Jump-Start RL (JSRL) [3] is the best-performing baseline among those we tested. It achieves similar performance to our Policy Decorator in a few scenarios (5 out of 18) but performs significantly worse in the rest.
Additionally, JSRL does not actually "improve" the base policy but instead learns an entirely new policy. This means that even if it achieves a high success rate, it does not preserve the desired properties of the original base policy, such as smooth and natural motion. On this page, we compare our refined policy against the JSRL policy to demonstrate how our refined policy exhibits significantly smoother and more natural behavior.
[3] Ikechukwu Uchendu, Ted Xiao, Yao Lu, Banghua Zhu, Mengyuan Yan, Joséphine Simon, Matthew Bennice, Chuyuan Fu, Cong Ma, Jiantao Jiao, et al. Jump-start reinforcement learning. In International Conference on Machine Learning, pages 34556–34583. PMLR, 2023.
Key observations:
As shown in the videos below, JSRL policies exhibit noisy and jerky motions. This occurs because JSRL only utilizes the base policy to build the learning curriculum without imitating the motion of the base policy. Consequently, even if it achieves a high success rate, it does not retain the desired properties of the original base policy, such as smooth and natural motion. As studied in [2], such jerky actions often fail to transfer to the real world.
In contrast, our refined policies exhibit smooth and natural behavior by staying close to the base policy. This is achieved through the bounded residual action strategy. Since the base policies are trained on demonstrations with smooth and natural behaviors (usually from human teleoperation or motion planning), our refined policies inherit the favorable attributes of the original base policy.
[2] Yuzhe Qin, Hao Su, and Xiaolong Wang. From one hand to multiple hands: Imitation learning for dexterous manipulation from single-camera teleoperation. IEEE Robotics and Automation Letters, 7(4):10873–10881, 2022.
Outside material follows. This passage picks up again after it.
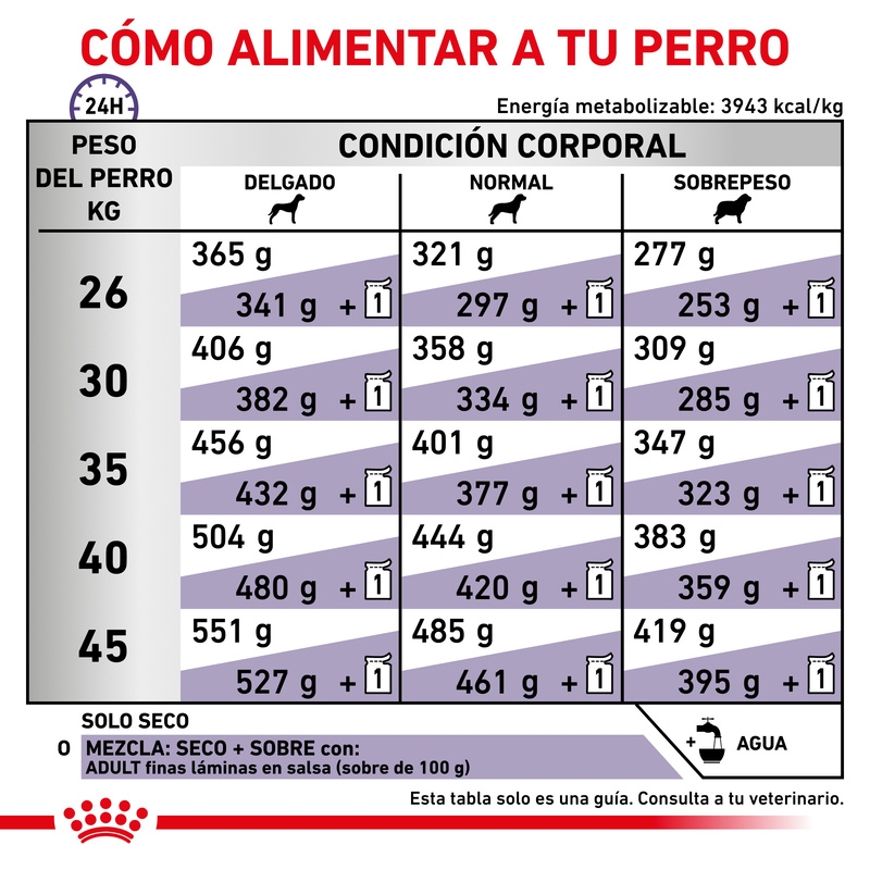 Las cantidades indicadas son orientativas y deben ajustarse según la condición corporal, el nivel de actividad y las recomendaciones de tu veterinario. Reparte la ración diaria en 2 o más tomas.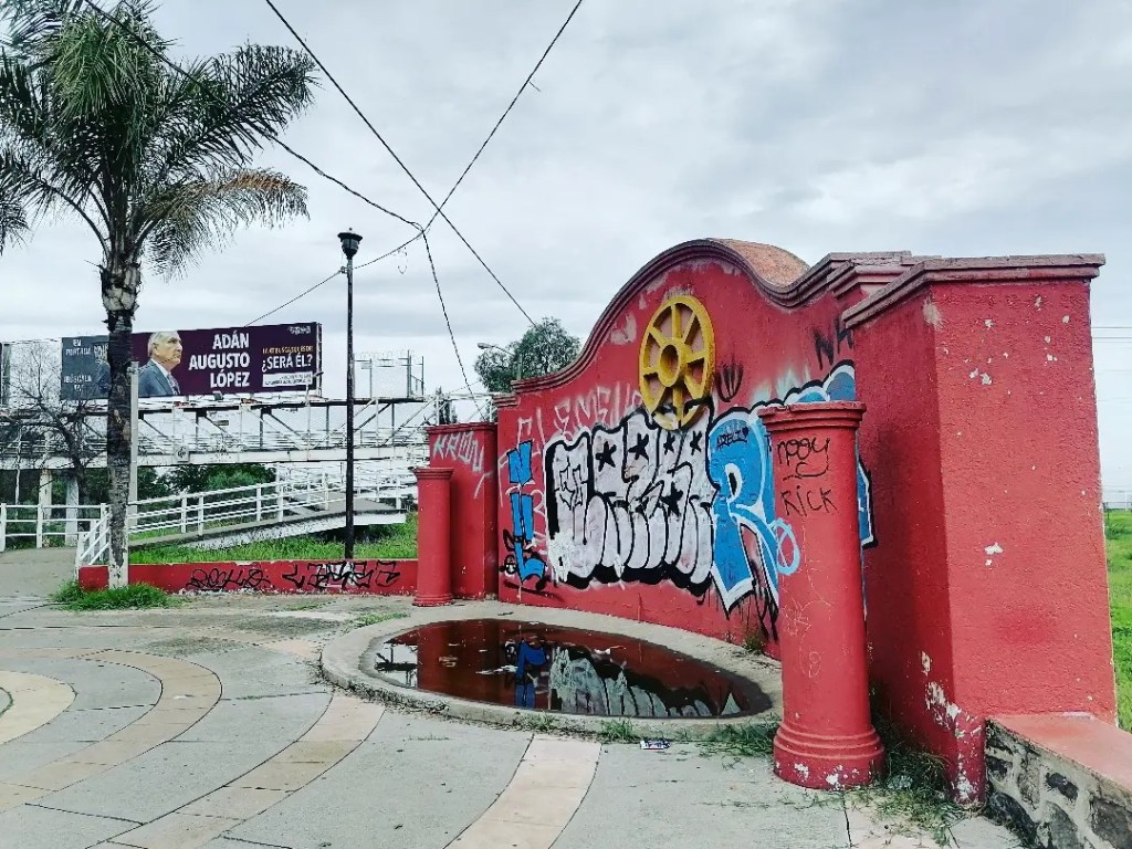 Efectivamente, fueron 40 minutos de viaje para llegar a la parada donde hay que caminar por la orilla de la carretera, para así arribar al rancho. Casi frente a éste se encuentra el Fraccionamiento Rancho Alegre, que no tiene nada de alegre, porque está descuidado, los grafitis de la entrada le dan un toque de tristeza y abandono.

The Peg Insertion task requires highly precise manipulation, with the hole having only 3mm of clearance. It requires at least half of the peg to be pushed sideways into the hole, making it more challenging than similar tasks [1]. The JSRL policy exhibits notably shaky motions, particularly when the robot arm attempts to pick up the peg and insert it into the hole. Such excessive shaking presents significant risks of damaging the robot arm and colliding with other objects when transferred from simulation to the real world. In contrast, our refined policy from Policy Decorator demonstrates smooth motions throughout the entire trajectory, eliminating the risk of damaging the peg or the box.
[1] Jing Xu, Zhimin Hou, Zhi Liu, and Hong Qiao. Compare contact model-based control and contact model-free learning: A survey of robotic peg-in-hole assembly strategies. arXiv preprint arXiv:1904.05240, 2019.
In the Turn Faucet task, the JSRL policy displays erratic behavior when the gripper approaches the faucet, resulting in collisions with the faucet itself. This behavior poses significant risks and challenges for sim-to-real transfer due to the collisions. In contrast, our refined policy from Policy Decorator demonstrates remarkably smooth motions, avoiding unnecessary collisions and potential damage.